— Сестричка! Марыня! На кухню! Fi donc! C'est mauvais genre![16] Жена литератора на кухне! Муж ее, быть может, пишет о том, что женщина должна быть поэтичной, а она отправляется на кухню!
Сказав это, он поднялся и, простирая руки, смотрел вслед уходившей.
— Сестра! — воскликнул он. — Мария! Ах, не покидай меня!
Мария не оглянулась и была уже у двери в переднюю. Тогда молодой человек подбежал к ней и схватил ее за руку.
— Ты рассердилась, Марыня? Ты в самом деле на меня рассердилась? Ну, как тебе не стыдно! Разве я хотел тебя обидеть? Разве ты не знаешь, что я люблю тебя, как родную сестру?

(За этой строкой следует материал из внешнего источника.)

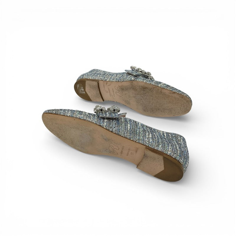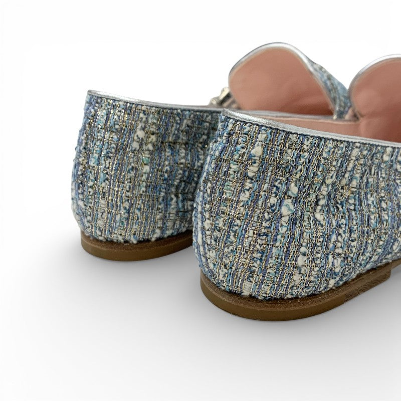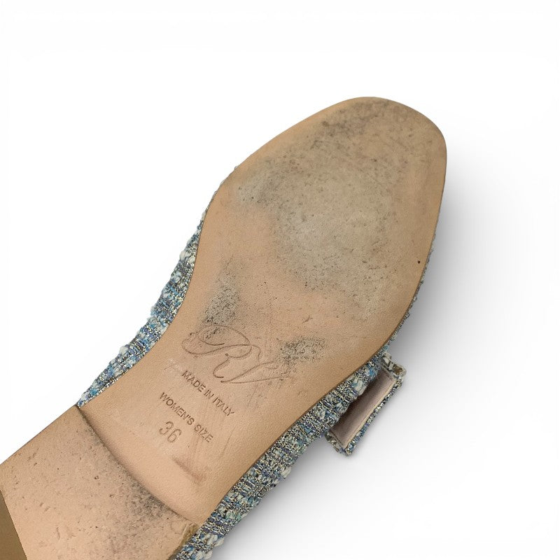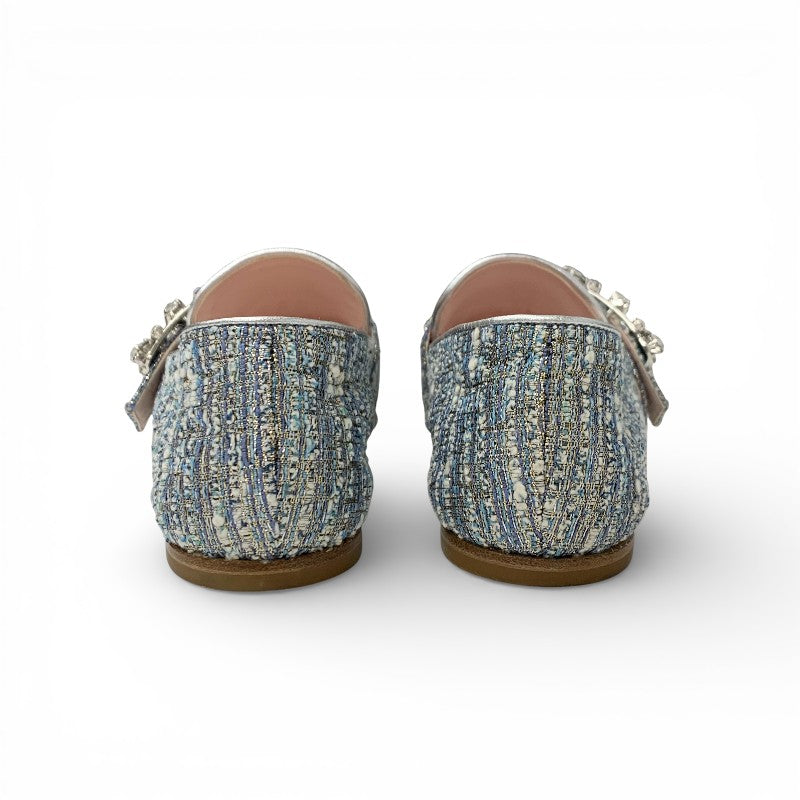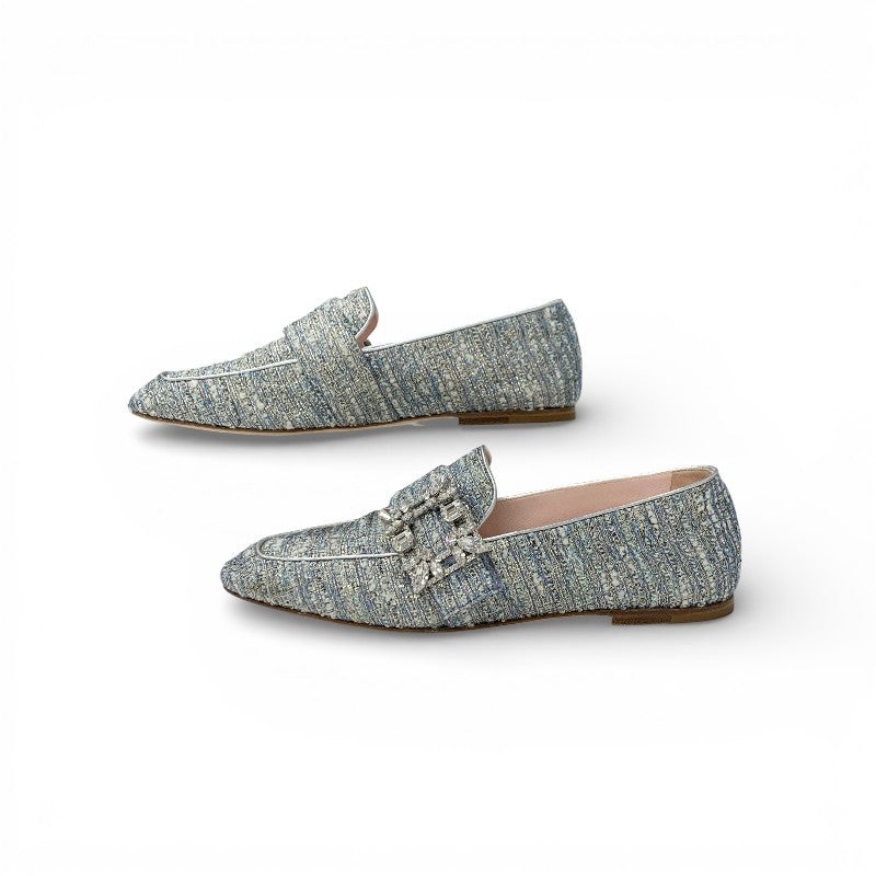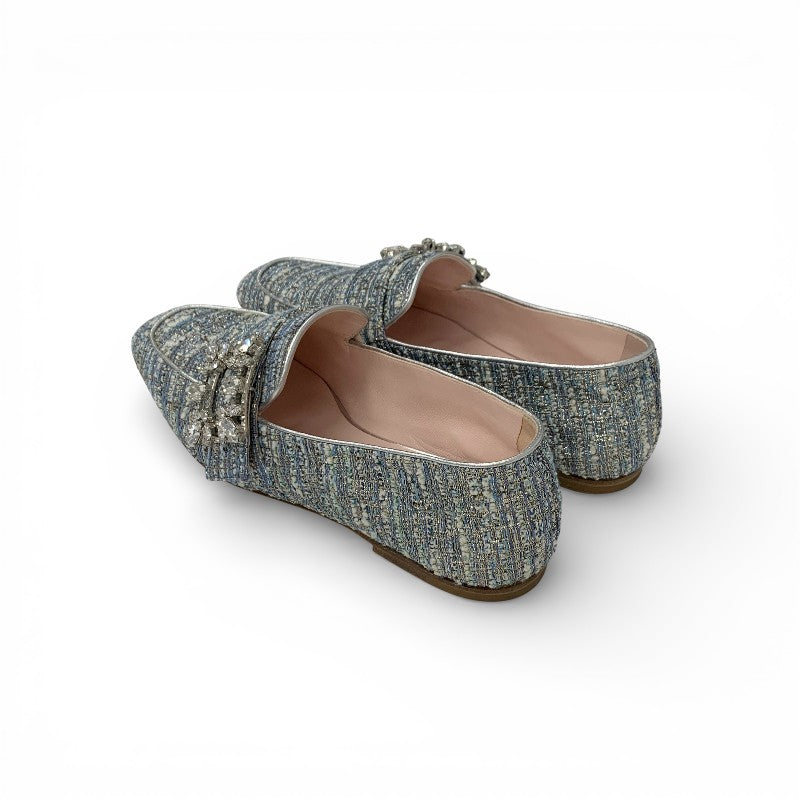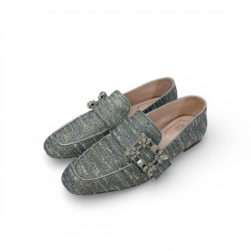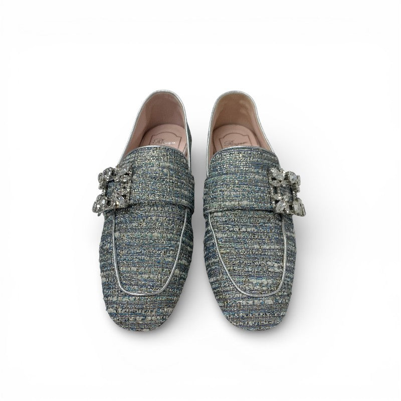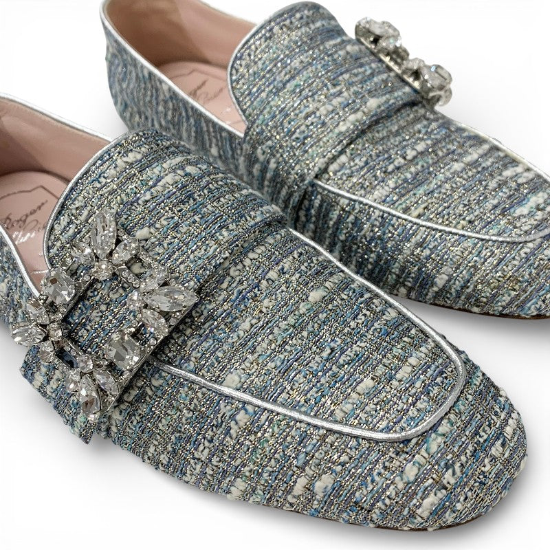 ロジェヴィヴィエ Roger Vivier MOCASSINO RV BROCHE ローファー 革靴 靴 シューズ ツイード ライトブルー ストラスバックル ビジュー

Марыня! Ну, погляди на меня! Разве я виноват, что молод! Я исправлюсь, увидишь, дай только немного состариться!
Говоря все это, он целовал руки молодой женщины, а на лице его так быстро сменялись одно за другим выражения раскаяния, легкомыслия, грусти, нежности, угодливости, что, глядя на него, можно было либо рассмеяться, либо уйти, пожав плечами, а сердиться на этого взрослого ребенка не было никакой возможности. Поэтому Мария Рудзинская, не поддававшаяся сначала его нежностям и извинениям, в конце концов не выдержала и рассмеялась.
— Я бы многое отдала, чтобы ты мог стать другим, Олесь…
— Я бы сам многое дал, чтобы стать другим, Марыня! Но… Натуру свою не переделаешь! Как волка ни корми, он все в лес глядит…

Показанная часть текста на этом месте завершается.